Par ailleurs, le TNF-‐α produit par les cellules du stroma vasculaire, exerce un puissant effet inhibiteur sur la différenciation adipocytaire. Ce même TNF-‐α ainsi que d’autres cytokines, comme l’IL-‐6 ou encore l’IL-‐1, pourraient favoriser la résistance à l’insuline des cellules adipocytaires. Il y aurait une boucle paracrine entre les acides gras libérés par les adipocytes et le TNF-‐α des macrophages. Celle-‐ci aggraverait le profil proinflammatoire du tissu adipeux [129].
Les conséquences systémiques de cette inflammation chronique sont multiples.
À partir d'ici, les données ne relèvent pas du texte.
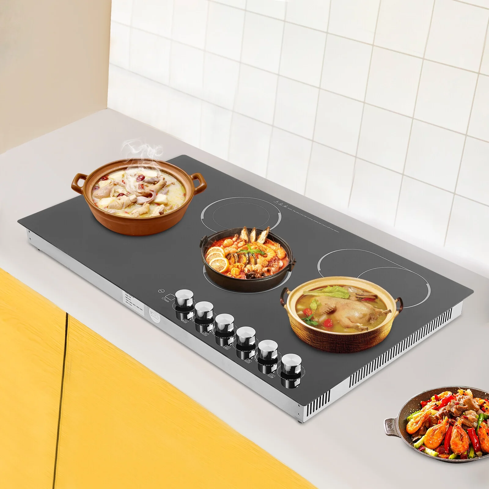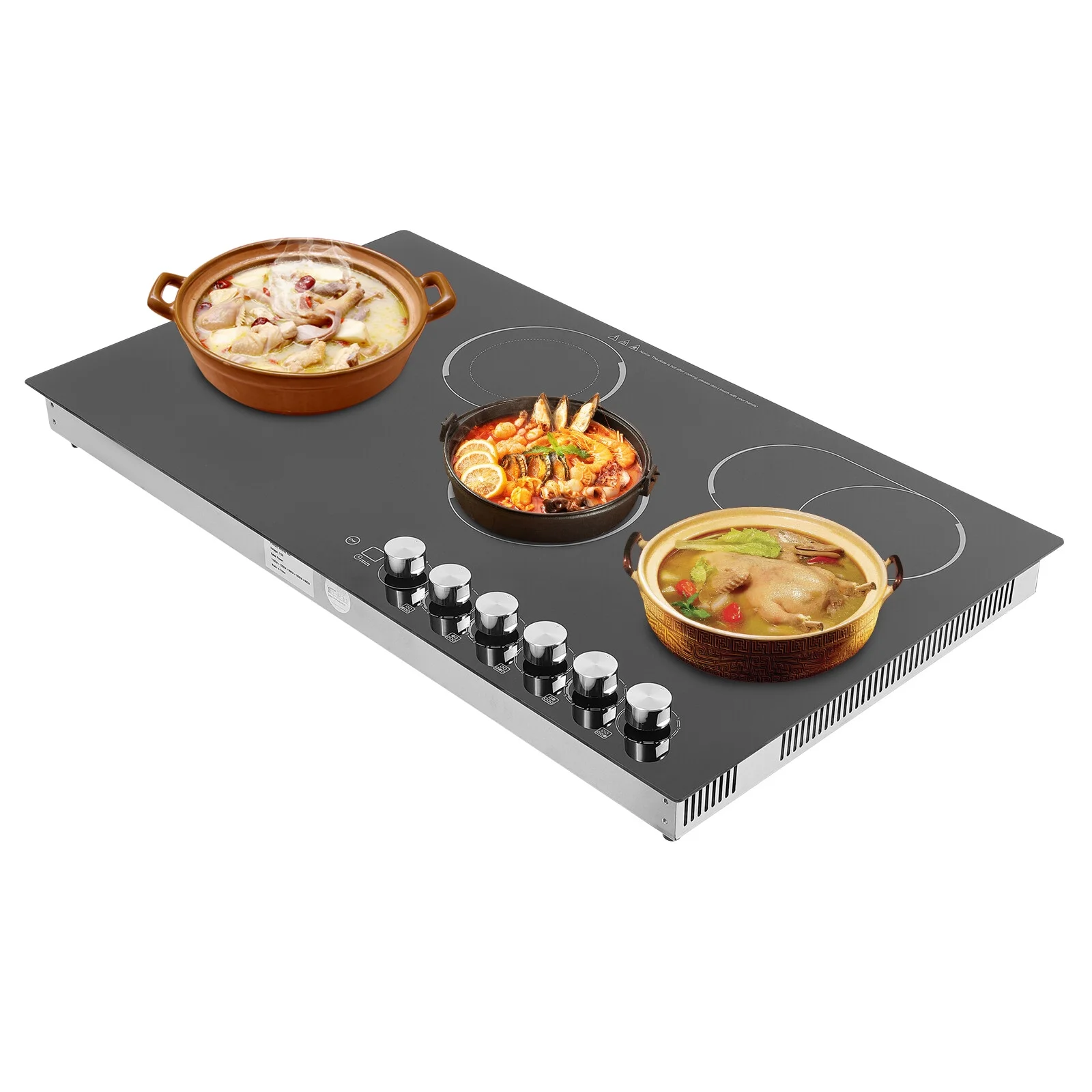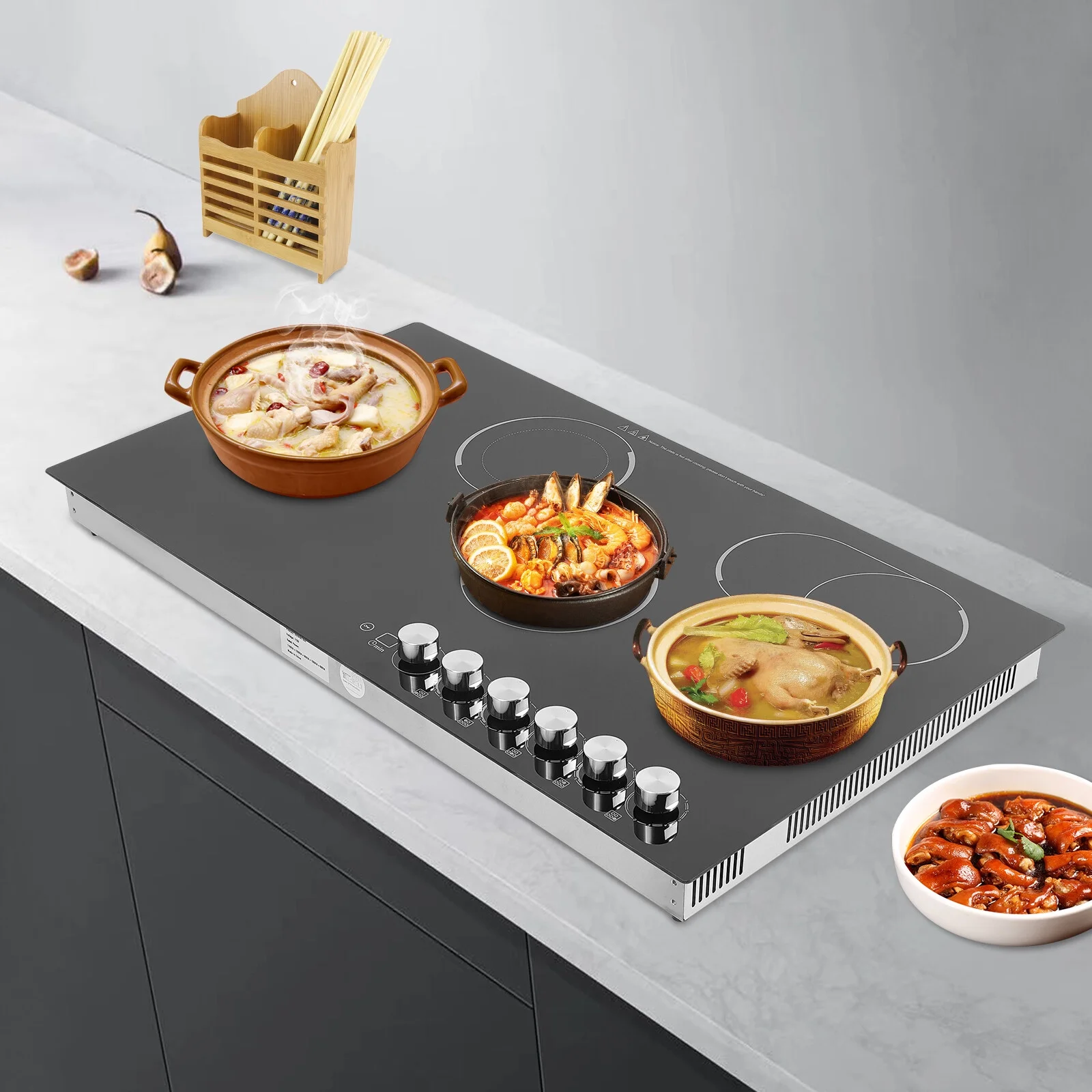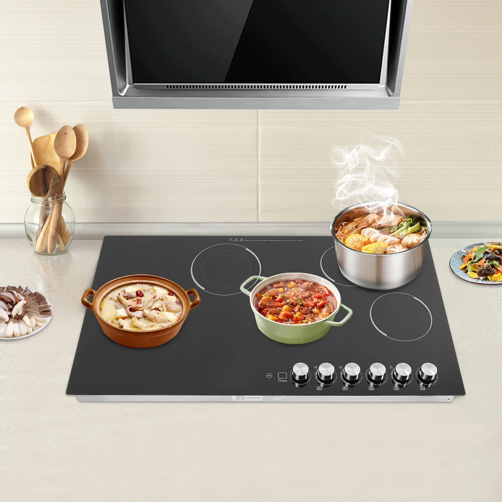 The electric ceramic cooktop is an ideal choice for your modern kitchens. It features five electric burners, offering ample space for all your cooking needs. Each heating zone can provide uniform and precise temperature control, allowing you to cook delicious ingredients. The premium materials make it durable and easy to clean, and a series of protective functions make you feel more at ease when using it. We believe it will bring you a great cooking experience and allow you to enjoy delicious dishes fully.

L'accumulation de macrophages dans le tissu adipeux chez l’obèse est corrélée à l’augmentation des concentrations systémiques de certaines cytokines inflammatoires. Ces molécules peuvent agir à distance de leur site de production et peuvent constituer un lien moléculaire entre tissu adipeux et les complications métaboliques, cardiovasculaires, voire même hépatiques associées alors à l’obésité. Les relations avec la sensibilité à l’insuline et
l’athérosclérose ont été le plus étudiées. Ainsi, le TNF-‐α, l’IL-‐6, ainsi que la résistine, sont produits par les macrophages activés [130] et peuvent directement contribuer aux mécanismes d’altération de la sensibilité à l'insuline dans différents tissus [131] , [132]. Ces cytokines pro-‐inflammatoire induisent notamment un processus inflammatoire pancréatique local, au cours duquel les îlots pancréatiques produisent de l’interleukine-‐1β (IL-‐1β) en réponse à l’hyperglycémie chronique et aux acides gras libres, ce qui pourrait entraîner un dysfonctionnement, voire l’apoptose des cellules β du pancréas [133], [134]. Les niveaux circulants de résistine et du récepteur soluble du TNF-‐α sont très corrélés chez les patients diabétiques. Outre leurs effets métaboliques, la leptine et l’adiponectine, produites par l’adipocyte, participent aux processus athérogéniques comme expliqué précédemment (Leptine en page 28 et Adiponectine en page 32). L’adiponectine supprime les réponses inflammatoires locales et la prolifération des cellules musculaires lisses ainsi que la transformation des macrophages en cellules spumeuses au niveau des plaques d’athérome [135]. Or le TNF-‐α et l’IL-‐6 inhibent la production d’adiponectine, entraînant une diminution de la concentration plasmatique d’adiponectine chez l’obèse et augmentant ainsi le risque cardiovasculaire.
Ce processus inflammatoire « bas grade » lié à l’obésité que nous venons de décrire ouvre de nouvelles perspectives dans la recherche des mécanismes physiopathologiques impliqués dans le développement de l’obésité, son évolution, son maintien, la résistance à la perte de poids dans l’obésité installée et ses complications multiples. En effet, la modulation des facteurs de l’inflammation pourrait représenter à l’avenir de nouvelles stratégies thérapeutiques pour le traitement des pathologies associées à l’obésité.